From a more comprehensive perspective, these AI algorithms are classified into two kinds: (1) AI models that examine portions or complete time-lapse videos to detect morphological patterns associated with particular results like pregnancy, and those that (2) examine the present development of morphology to predict the prospects of embryo growth. Many applications are addressed through the theory of image processing and CV. DL is an advanced AI method in various fields and is considered an essential approach to future human-assistant technology [7]. As specified in earlier investigations, DL models are especially convolutional neural networks (CNNs), which generally keep enormous latent spaces for medical image technologies, healthcare, and medicinal diagnosis. Unlike traditional ML and deep neural network (DNN) methods, they streamline the process of feature engineering, present intellectual learning over a hierarchic representation of the data, proficiently handle huge data amounts, and prove their dominance in identifying anomalies in medical images [8]. The growing incidence of infertility emphasizes the urgent requirement for effectual monitoring and intervention techniques in assisted reproductive technologies. As couples increasingly seek IVF due to diverse societal and personal factors, confirming optimal conditions for embryo development becomes significant [9]. Conventional evaluation approaches mainly depend on subjective evaluations, which can result in inconsistencies and potential oversight of critical developmental anomalies. By incorporating advanced CV and ML methods, the accuracy and efficiency of embryo analysis can be improved. This technological shift promises to enhance embryo selection and reduce environmental disturbances during substantial growth phases. Ultimately, employing these innovative models may result in greater success rates in IVF procedures, presenting hope to many couples facing infertility threats [10].

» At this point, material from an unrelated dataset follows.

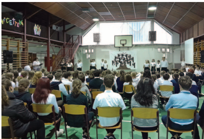
Október 6-i ünnepség

This study presents an Embryo Development and Morphology Using a Computer Vision-Aided Swin Transformer with a Boosted Dipper-Throated Optimization (EDMCV-STBDTO) technique. The EDMCV-STBDTO technique aims to accurately and efficiently detect embryo development and is critical for improving fertility treatments and advancing developmental biology using medical CV techniques. Primarily, the EDMCV-STBDTO method performs image preprocessing using a bilateral filter (BF) model to remove the noise. Next, the swin transformer method is implemented for the feature extraction technique. The EDMCV-STBDTO model employs the variational autoencoder (VAE) method to classify human embryo development. Finally, the hyperparameter selection of the VAE method is implemented using the boosted dipper-throated optimization (BDTO) technique. The efficiency of the EDMCV-STBDTO method is validated by comprehensive studies using the benchmark dataset. The major contribution of the EDMCV-STBDTO method is listed below.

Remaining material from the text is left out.